Price Of Love

Entry by: writerSZGWAJNHNH

17th February 2017
Price of Love.

I’m wearing my orange uniform. Some would say that orange is an unusual colour for a uniform, however, when you are in a maximum security prison it is perfectly acceptable.

I have struggled most of my adult life with depression and anxiety. When I was thirty I became suicidal, my partner left me without an explanation. I came home to find her belongings gone and a note saying ‘Sorry’. The doctor said that I needed to go into hospital to recover. They put me in the nutters wing. I was surrounded by zombies. I didn’t care too much as I had free meals, clean clothes and I could paint every day. I believe that painting saved me. While I was in the nutter house I met Sally. I still remember the first time I saw her, she was sat at the window looking out over the city. I went over to speak to her, she was drawing the landscape, it was as beautiful as she was.

Sally was different to most of the people I had met in life. She was intelligent, funny and caring. She took an interest in me and made me feel important. Sally and I were from different lives. She would often mention how successful her husband’s business was and how they often took fancy holidays, attended posh dos. I had no family to talk about and certainly didn’t have the luxury lifestyle that Sally talked about.

After we were released Sally and I were inseparable. Sally introduced me to her husband Chris and their three teenage children, I felt part of a family and for the first time I felt accepted. To the outside world we were the best of friends, to each other we were so much more. We would hold hands under the table, sneak a cheeky kiss when no one was watching. The love we felt was passionate, strong, raw and alive.

Amongst the happy times there were some difficult nights, Sally would spend hours crying as Chris would tell her how he had spent the weekend away with different women and gambling. She told me how Chris had hit her, punishing her following an argument about his affairs. This was a common occurrence. We would lay together and I would soothe her bruises with my hand, her body would gently relax in my arms.
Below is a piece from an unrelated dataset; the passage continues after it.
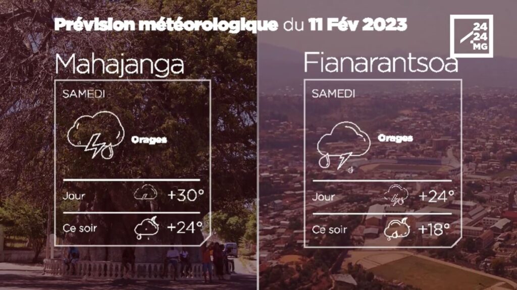 Les prévisions météorologiques des grandes villes de Madagascar pour la journée du 11 février.

I would smile my purpose in life was to care for Sally the best I could, her husband could give her luxury but I could give her love.

Sally came to me one Tuesday afternoon in June. I remember it so clearly as it was the hottest day of the summer. She said that things had become so bad at home and that she had thought about different ways she could escape. Sally was desperate I could see it in her eyes. She had reached a point that she could not cope anymore. She turned to ask me if I would kill him for her. I just wish she would have left Chris, I could have kept her safe. Maybe things would have been different. Perhaps not.
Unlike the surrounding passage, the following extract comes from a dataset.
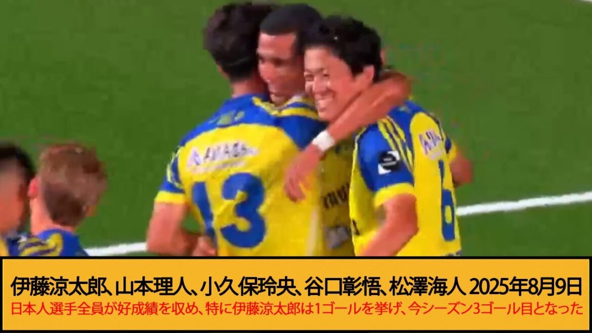 伊藤涼太郎、山本理人、小久保玲央、谷口彰悟、松澤海人 2025年8月9日 – 日本人選手全員が好成績を収め、特に伊藤涼太郎は1ゴールを挙げ、今シーズン3ゴール目となった。

One night Sally arrived at my house with blood dripping from her nose, her eyes were swollen and bruised. I nodded, for the first time I agreed to kill Chris. I could no longer see the woman I loved in pain. We settled on a plan. We would lie to the police and say that the house was broken into. Sally would leave her gun at the back door, taking the gun I would creep into the house in the middle of the night and shoot Chris. I would then leave and Sally would dial 911 alerting the police to the crime.

The investigation into Chris’ death dragged out. The detectives grew suspicious and with endless questions. They pieced the truth together and within three months we were before the judge. I was found guilty of first degree murder and was sentenced to ten years in a female maximum security prison and would then serve a further twelve years on parole. Sally was also found guilty of first degree murder and was given 30 years in prison. The prosecution challenged Sally’s defence. They claimed that she had lied about being abused by her husband and she had brainwashed me into thinking that there was no other way out of her desperate situation other than to take Chris’ life. The judge described Sally as the mastermind behind the plan, the manipulator who had treated those closest to her with evil intentions for her selfish desires of being the sole beneficiary of Chris’ wealth.

From my prison cell I wrote to Sally, my best friend, my lover, my soul mate. I wanted to believe that everything that was said in court was a lie. That our time together was real, that she hadn’t meant for me to pay the price for Chris’ death.

I never received a reply from Sally.

*

Ten years on and I am spending my last 24 hours behind bars. I am painting my favourite picture and that is of Sally’s face. I understand that she lied to me, that her loving words meant nothing but my feelings were and still are real. The price I paid that night was my life. Without Sally, I have nothing. The friends I had are gone. The life I had built, destroyed. I have no anger towards her just love. I don’t want to spend the rest of my life without her, my heart is heavy. This place has provided me with security and without that I don’t know who I am. I will leave tomorrow but they will take me out in a box. I stand and slip my neck through the noose I wrestle with myself while looking at Sally’s picture and then all goes black. I am finally at peace.